Exercise objective: Only the lines from the start of the data through the line with "Immerse yourself in" belong in the copy. Restate them word for word, minus the pictures.

Raw data:
—————
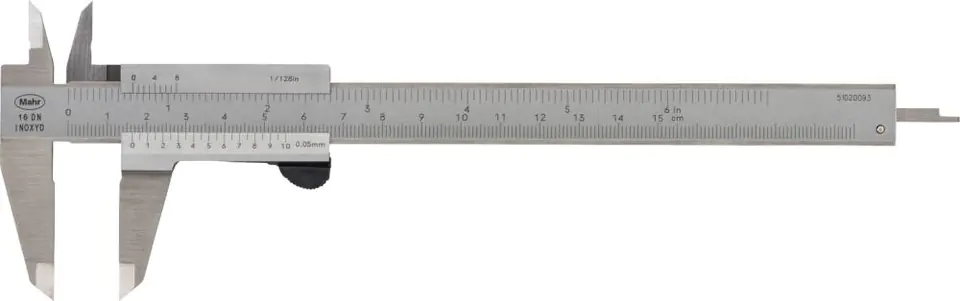 Wykonanie: ze stali nierdzewnej, hartowanej. Noniusz i podziałka szyny chromowane matowo, podziałka główna dla ochrony przed zużyciem lekko zagłębiona, z prostokątnym głębokościomierzem , na tylnej stronie tabela gwintów. Dostawa w etui.
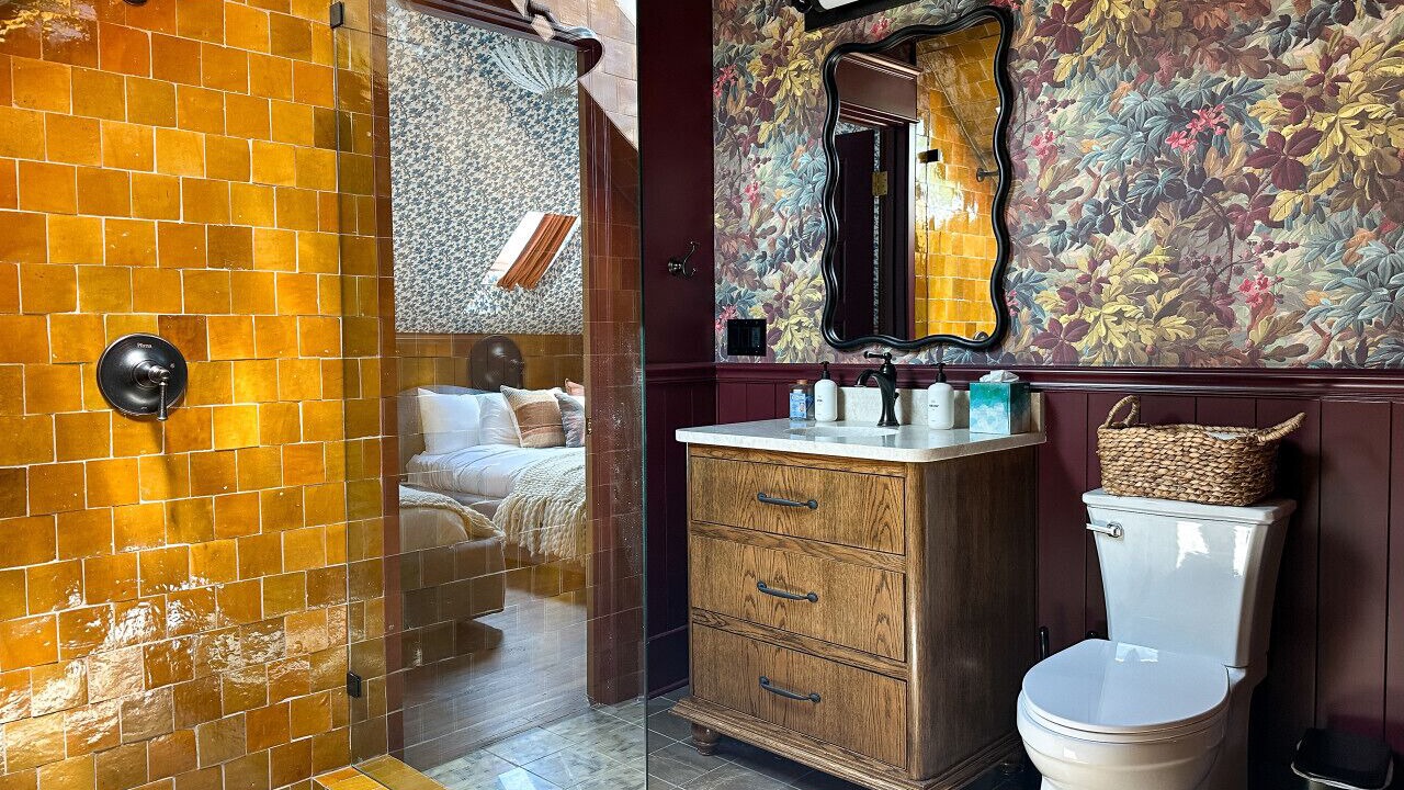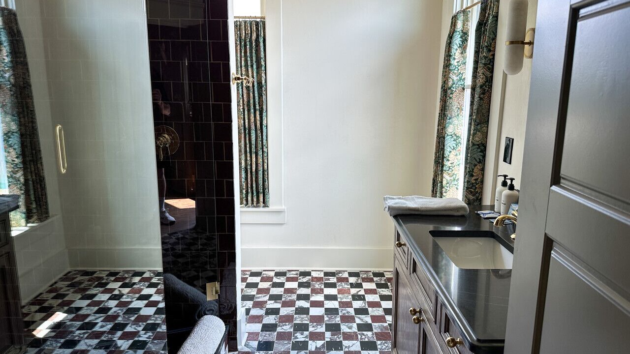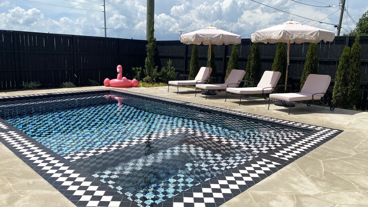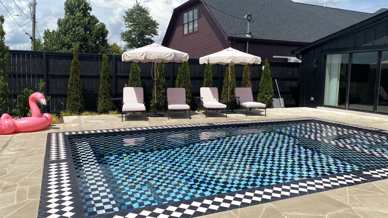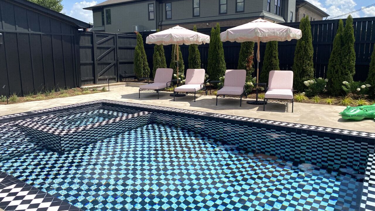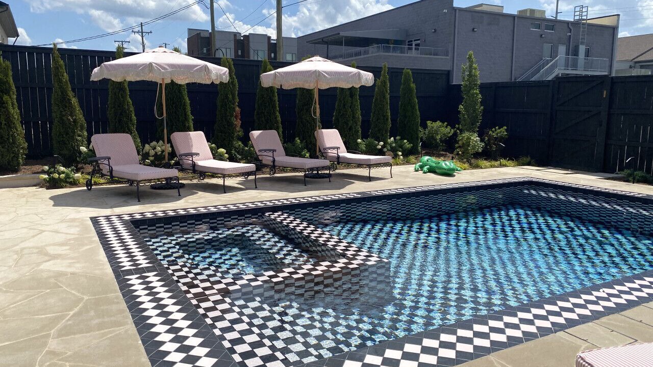 Immerse yourself in ultimate relaxation with our 25-foot private, checker pattern tiled heated pool and integrated hot tub, both lined with elegant pink and black tile. Whether you’re swimming laps, cooling off on a hot day, or enjoying a tranquil float, this stunning pool offers a perfect oasis. The integrated hot tub provides the ideal spot to unwind after a day of exploring Nashville. Both the pool and hot tub are heated and available for year-round use, ensuring you can relax in luxury no matter the season.
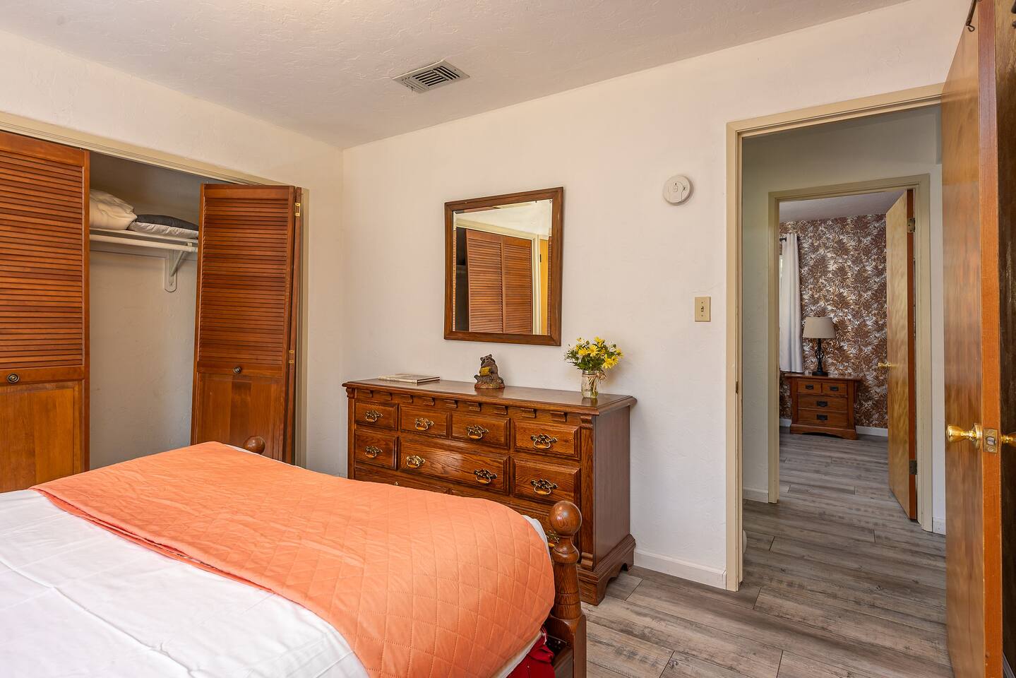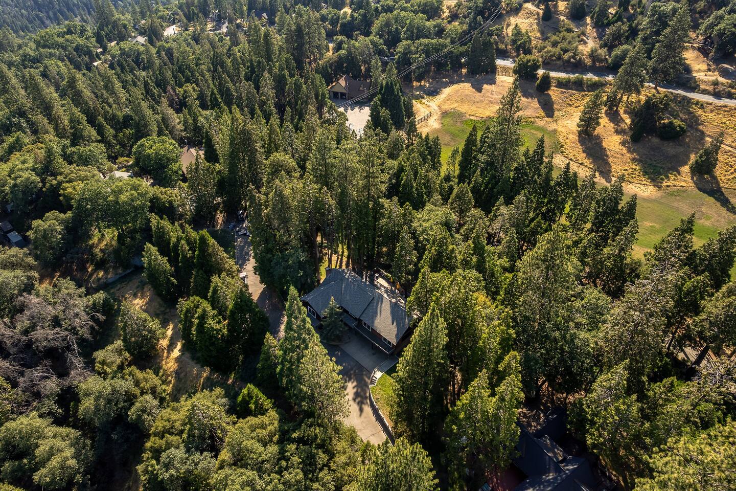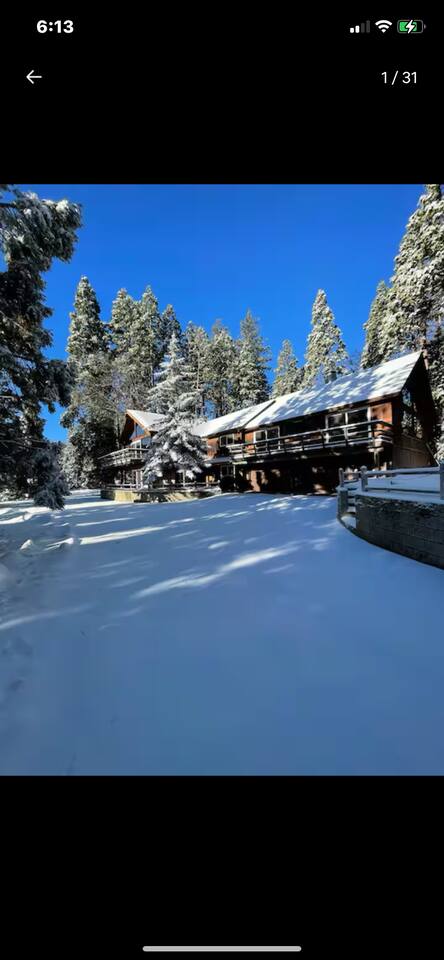 Key Features Include: -Stunning Mountain Views -4,400SF suitable for large groups -5 Bedrooms (2 King Beds, 3 Queen Beds, and 4 bunk beds) -3 Bathrooms including Soaker Tub -Game Room -2 Fireplaces -Pool Table -Ping Pong Table -Dart Board -Board Games -Card Games -Private Wet Bar -Record Player -Pet Friendly -Private and Secluded Location -Deer Sightings in the back yard -Fully Stocked Kitchen with 2 Fridges -Outdoor Games including Cornhole -Fans in all bedrooms -Small Waterfall and Pond with Adirondack Chairs -Outdoor BBQ and Picnic Table -High Speed Internet INSIDE SPACE This chalet style lodge boasts 5 bedrooms, 3 bathrooms, and almost 4,400 square feet of living space for up to 14 guests to enjoy comfortably (up to 16 guests max upon request). The mountain views can be seen from the expansive windows whether you’re tucked away enjoying a good book, dining with friends and family, or playing board games in the main living room. KITCHEN+DINING A dedicated coffee + tea bar will delight enthusiasts each morning and includes a drip and Keurig coffee maker. 2 Fridges and a large central island countertop provides plenty of cook space. A wooden dining table sits next to the main living room and provides seating for 8 with space to add 2 additional chairs. BEDROOMS There are a total of 5 bedrooms within the cabin. 2 bedrooms are located on the main level, one with a king bed and the other with 1 queen bed and 2 sets of bunk beds. The private master bedroom suite is on the top floor and contains a king size bed. Two additional bedrooms are located upstairs with queen size beds. Each bedroom has full size closets and hangers for clothing storage. BATHROOMS There are three full bathrooms, each of them stocked with all the essentials you need for the duration of your stay. The master bedroom on the top floor contains an ensuite bathroom, while one full bathroom is located just across the hallway and easily accessible for the guests staying on the main level. Worry about nothing with these thoughtfully stocked bathrooms that provide everything you need and more. BONUS ROOMS Dedicated workspaces in the bedroom. Entertainment level includes a wet bar, pool table, ping pong table, dart board, board games, arcade games, and Smart TV. OUTSIDE SPACE Walk out from the living and dining room onto the back deck where you can enjoy a stainless steel grill, picnic table, full size corn hole, and fire pit. Over 2 acres of oak trees, ponderosa pine trees, cedar pine trees.
—————
Exercise solution:
 Wykonanie: ze stali nierdzewnej, hartowanej. Noniusz i podziałka szyny chromowane matowo, podziałka główna dla ochrony przed zużyciem lekko zagłębiona, z prostokątnym głębokościomierzem , na tylnej stronie tabela gwintów. Dostawa w etui.
 Immerse yourself in ultimate relaxation with our 25-foot private, checker pattern tiled heated pool and integrated hot tub, both lined with elegant pink and black tile. Whether you’re swimming laps, cooling off on a hot day, or enjoying a tranquil float, this stunning pool offers a perfect oasis. The integrated hot tub provides the ideal spot to unwind after a day of exploring Nashville. Both the pool and hot tub are heated and available for year-round use, ensuring you can relax in luxury no matter the season.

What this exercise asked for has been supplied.